#### WORK INSTRUCTIONS:
In the listing below, find the line with "Funda de teléfono" and the line with "Můžete aktualizovat nejnovější", then return them and every line between them exactly, minus the pictures.

━━━ DATA PROVIDED

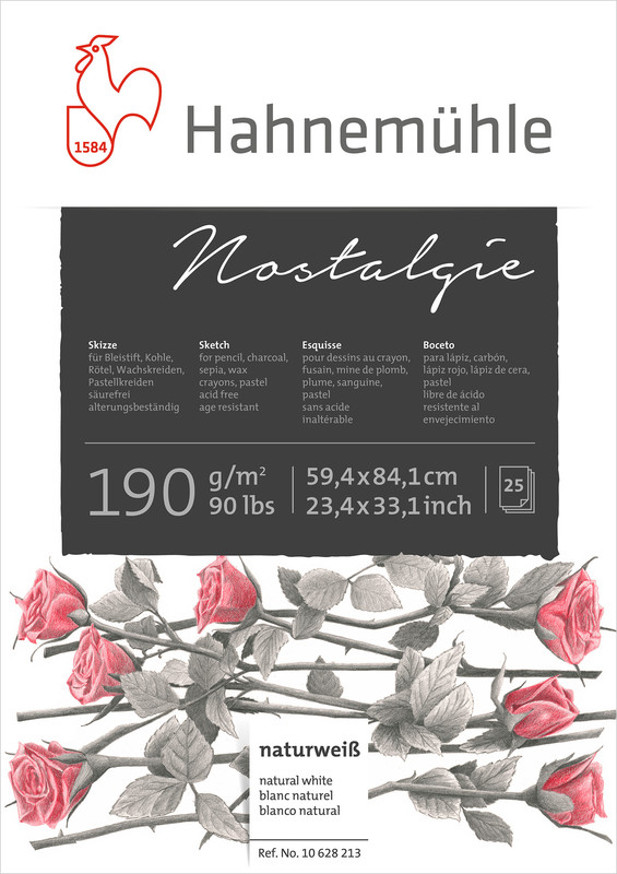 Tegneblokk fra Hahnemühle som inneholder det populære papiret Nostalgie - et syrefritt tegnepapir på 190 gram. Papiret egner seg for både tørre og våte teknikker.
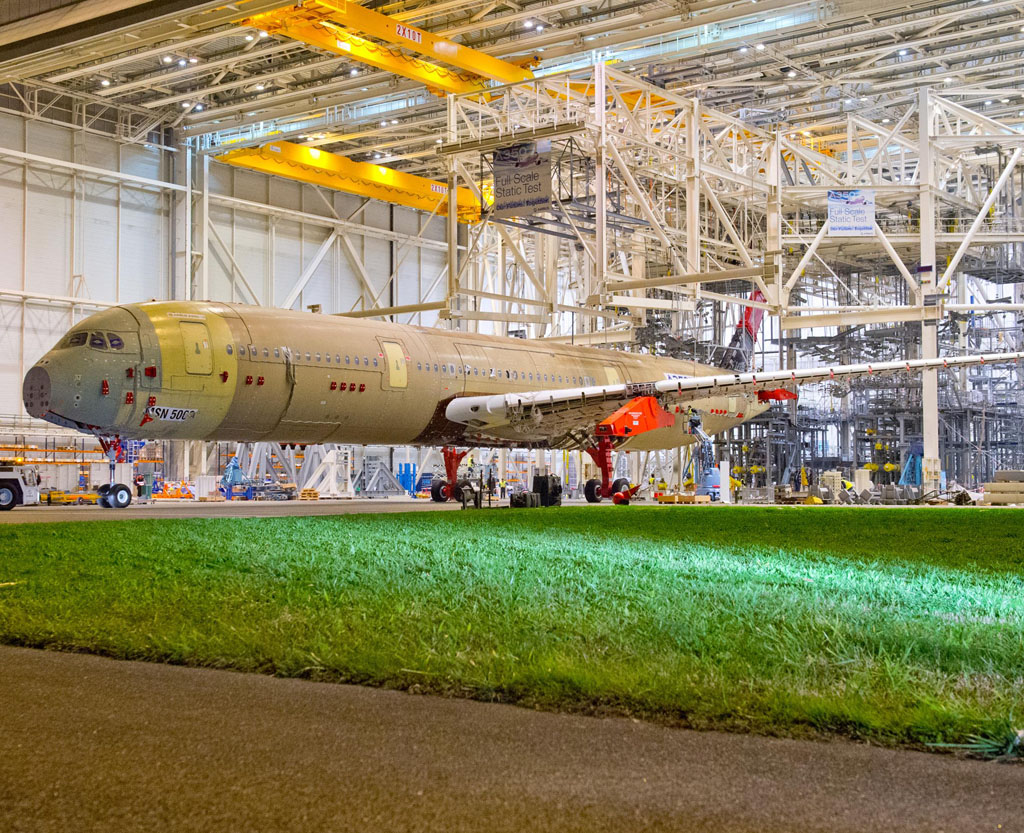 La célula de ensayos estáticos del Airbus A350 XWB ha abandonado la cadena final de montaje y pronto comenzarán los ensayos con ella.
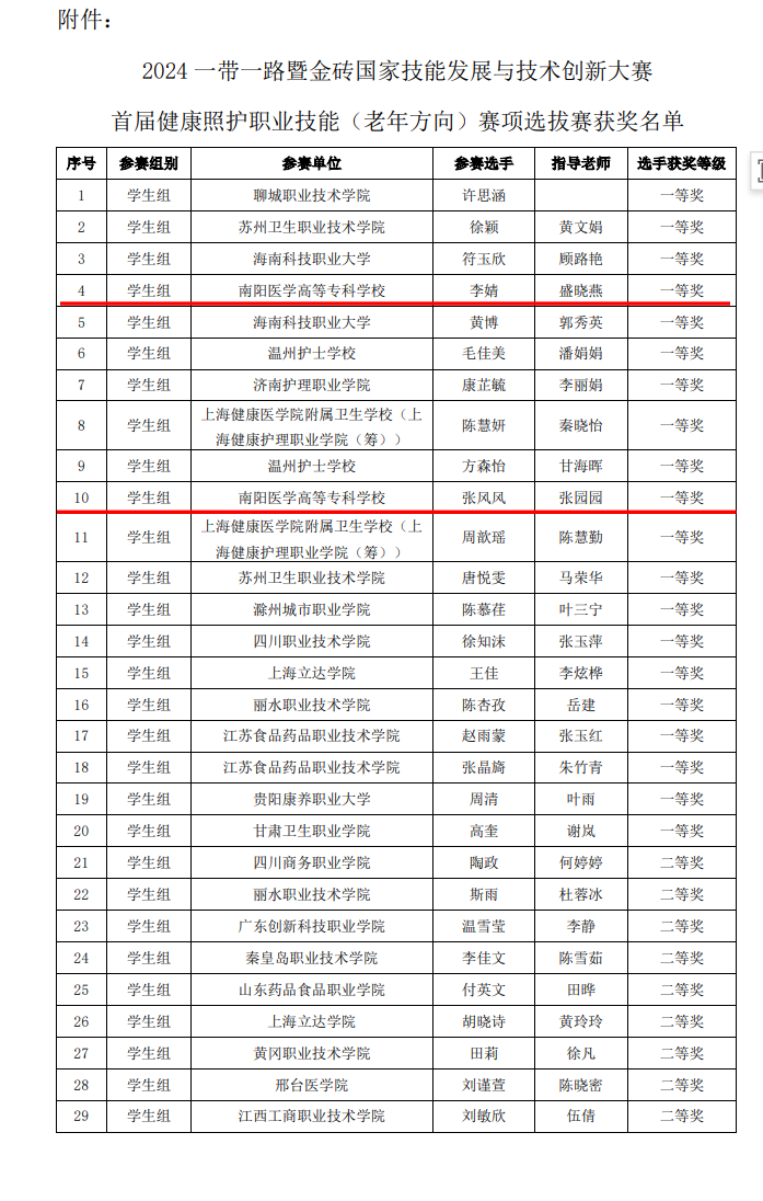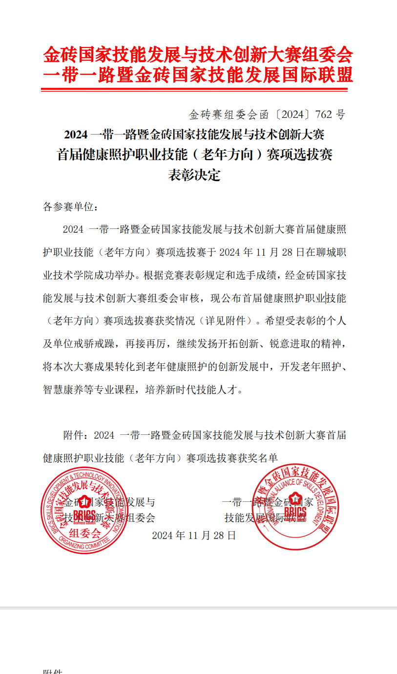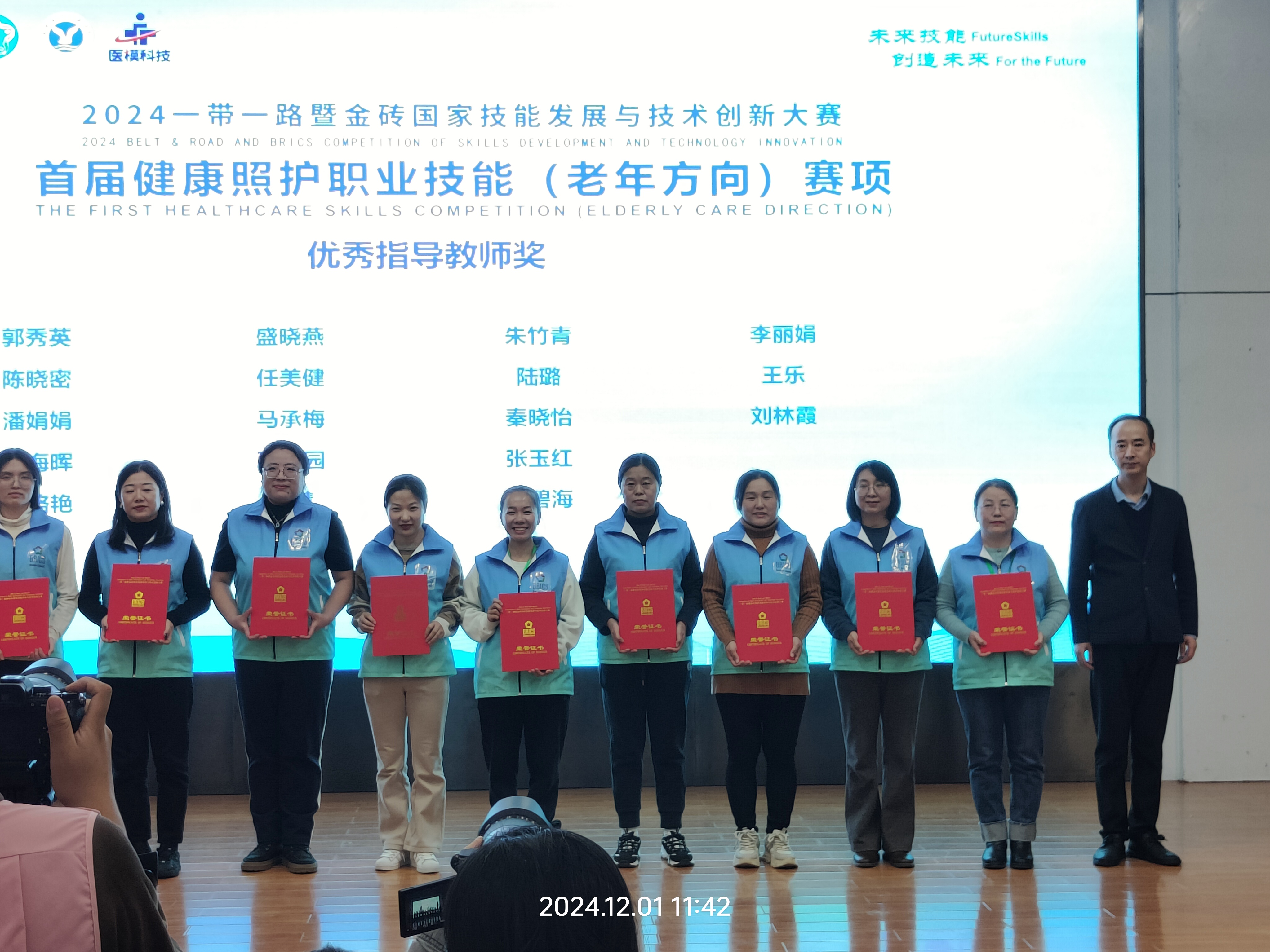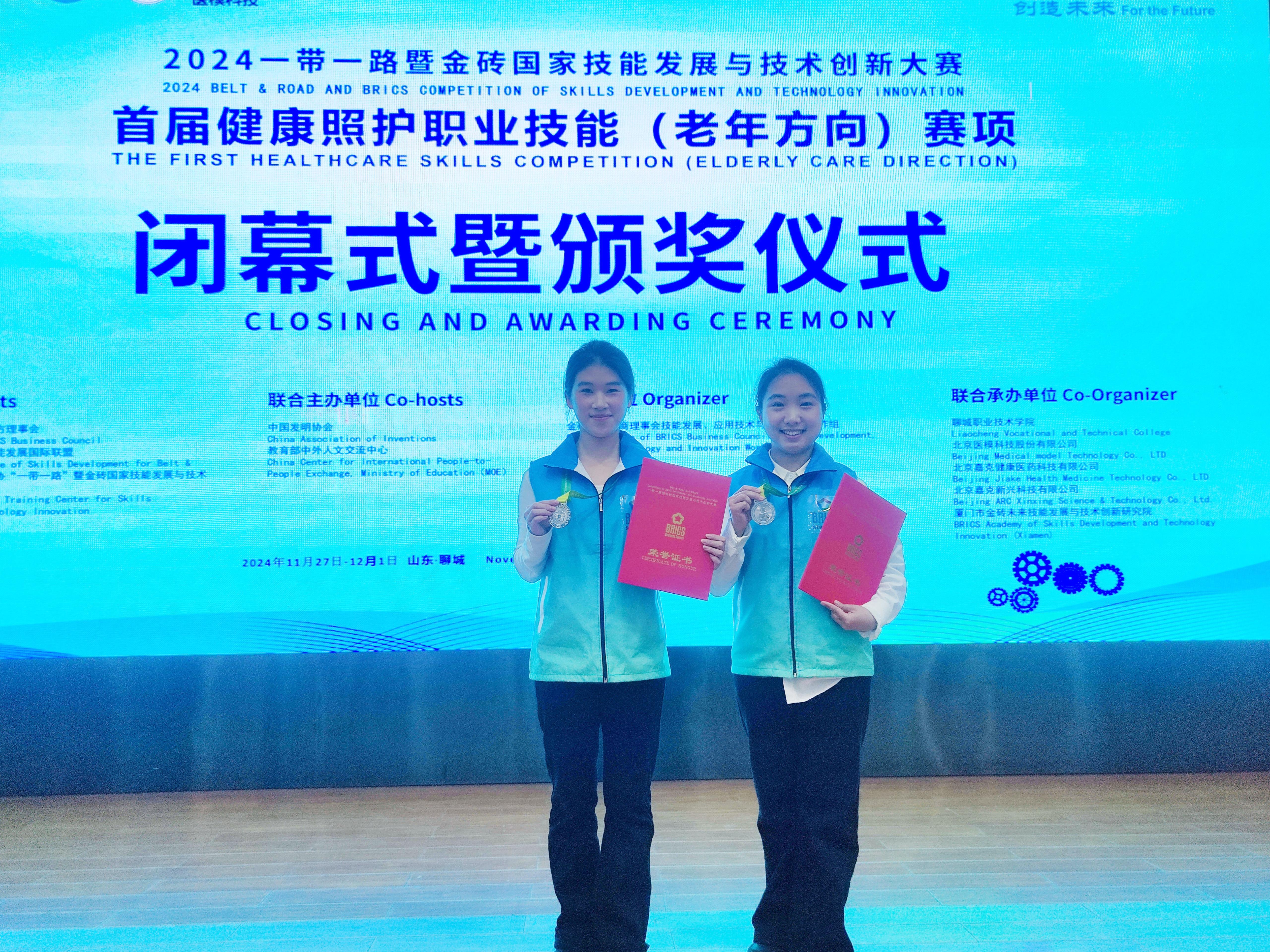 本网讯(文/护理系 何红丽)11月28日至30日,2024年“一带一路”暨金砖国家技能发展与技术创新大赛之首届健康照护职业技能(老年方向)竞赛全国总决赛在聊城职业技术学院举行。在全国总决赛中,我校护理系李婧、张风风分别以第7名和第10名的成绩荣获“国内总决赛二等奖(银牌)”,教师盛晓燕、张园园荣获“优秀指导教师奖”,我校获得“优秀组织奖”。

━━━━━━
━━━ DATA PROVIDED

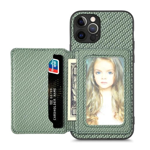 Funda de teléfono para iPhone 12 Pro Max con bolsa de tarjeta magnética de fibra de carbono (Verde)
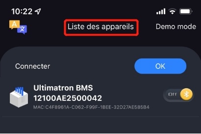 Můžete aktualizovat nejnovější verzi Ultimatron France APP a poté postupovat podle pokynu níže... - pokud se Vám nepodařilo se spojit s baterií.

━━━━━━

#### TASK ANSWER:
 Funda de teléfono para iPhone 12 Pro Max con bolsa de tarjeta magnética de fibra de carbono (Verde)
 Můžete aktualizovat nejnovější verzi Ultimatron France APP a poté postupovat podle pokynu níže... - pokud se Vám nepodařilo se spojit s baterií.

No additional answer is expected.